Matt Elliott
O Meu Mercedes é maior que o teu, Porto
12 Mar 2009
A noite é escura e a desertificação da Ribeira, no Porto, quase que ilumina o caminho em direcção ao cantinho em forma de gruta que dá pelo nome – encurtado – de O Meu Mercedes. Afinal de contas é lá que Matt Elliott se prepara para dar a todos os presentes mais uma razão para se avistar o mundo com olhos pessimistas. Não que ele tente demasiado, mas não tem mesmo alternativas. Está-lhe no sangue. E o actual estado das coisas dá-lhe ainda mais razão. Ele é o senhor Third Eye Foundation mas com quatro discos assinados em nome próprio é um criador autónomo, auto-suficiente, aplicado.

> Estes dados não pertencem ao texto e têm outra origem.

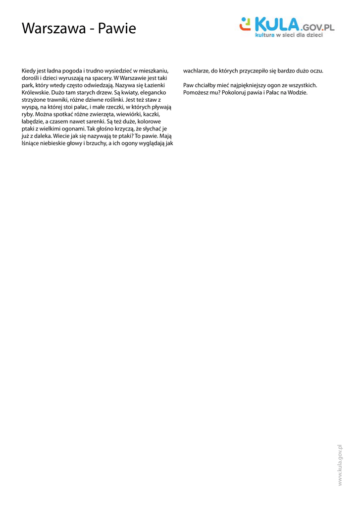 Warszawa - Pawie wachlarze, do których przyczepiło się bardzo dużo oczu. Paw chciałby mieć najpiękniejszy ogon ze wszystkich. Pomożesz mu? Pokoloruj pawia i Pałac na Wodzie. www.kula.gov.pl Kiedy jest ładna pogoda i trudno wysiedzieć w mieszkaniu, dorośli i dzieci wyruszają na spacery. W Warszawie jest taki park, który wtedy często odwiedzają. Nazywa się Łazienki Królewskie. Dużo tam starych drzew. Są kwiaty, elegancko strzyżone trawniki, różne dziwne roślinki. Jest też staw z wyspą, na której stoi pałac, i małe rzeczki, w których pływają ryby. Można spotkać różne zwierzęta, wiewiórki, kaczki, łabędzie, a czasem nawet sarenki. Są też duże, kolorowe ptaki z wielkimi ogonami. Tak głośno krzyczą, że słychać je już z daleka. Wiecie jak się nazywają te ptaki? To pawie. Mają lśniące niebieskie głowy i brzuchy, a ich ogony wyglądają jak www.kula.gov.pl www.kula.gov.pl www.kula.gov.pl 11 pawi wybrało się na spacer do miasta. Spróbuj je odnaleźć.
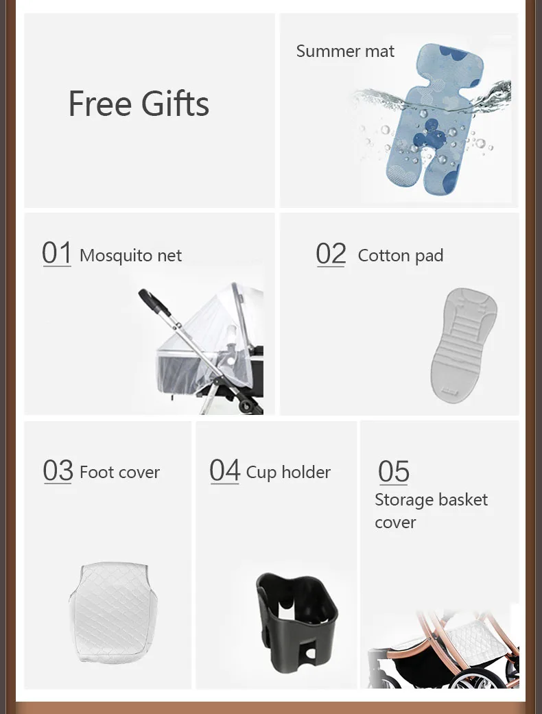 Buy stroller , send 6pcs gift: summer mat, mosquito net, cotton pad, foot cover, cup holder, storage basket cover

São três registos de uma profunda escuridão, telas realistas que não se coíbem de retratar o mundo com ele o é muitas vezes: feio, triste, trágico.

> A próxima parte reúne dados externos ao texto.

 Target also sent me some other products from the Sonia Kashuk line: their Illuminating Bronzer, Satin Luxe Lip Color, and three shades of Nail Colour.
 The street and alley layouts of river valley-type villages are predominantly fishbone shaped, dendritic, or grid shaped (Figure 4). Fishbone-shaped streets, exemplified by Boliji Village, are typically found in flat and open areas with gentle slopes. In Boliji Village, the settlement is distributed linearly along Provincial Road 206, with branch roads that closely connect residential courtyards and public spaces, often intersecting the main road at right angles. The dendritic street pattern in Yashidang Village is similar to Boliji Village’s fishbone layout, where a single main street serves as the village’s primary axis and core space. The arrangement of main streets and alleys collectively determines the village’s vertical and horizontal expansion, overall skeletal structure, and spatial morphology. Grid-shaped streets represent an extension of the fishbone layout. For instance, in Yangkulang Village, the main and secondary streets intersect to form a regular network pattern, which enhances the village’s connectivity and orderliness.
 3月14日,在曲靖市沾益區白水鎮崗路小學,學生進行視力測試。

Matt Elliott © Leonel Sousa

Quando pega numa guitarra a viagem começa. E aí Matt Elliott já agarrou todos aqueles que se deixam seguir pela imaginação que reverte em pequenas aldeias à beira-mar, de mulheres que choram os homens perdidos no oceano, de marinheiros que já não o são, de canções embriagadas, de e para bêbedos. Não é só por ele ter escrito canções sobre o mar e as suas tragédias, mas também porque a sua música tem uma qualidade marítima. De dar e receber, de ir e voltar, de qualidade fatalista. O último Howling Songs aparece em cena várias vezes e sempre de forma hábil – mas pouco ou nada interessa revelar nomes ou títulos. Duas guitarras em palco – uma acústica, outra eléctrica – servidas por pedais de efeitos e jogos de loops que não acabam (felizmente). E camadas que se sobrepõem e adensam o mistério. E depois aquela voz séria e dramática (a fazer lembrar Leonard Cohan mais do que uma vez) a versar sobre as mesmas desgraças que são comuns a todos.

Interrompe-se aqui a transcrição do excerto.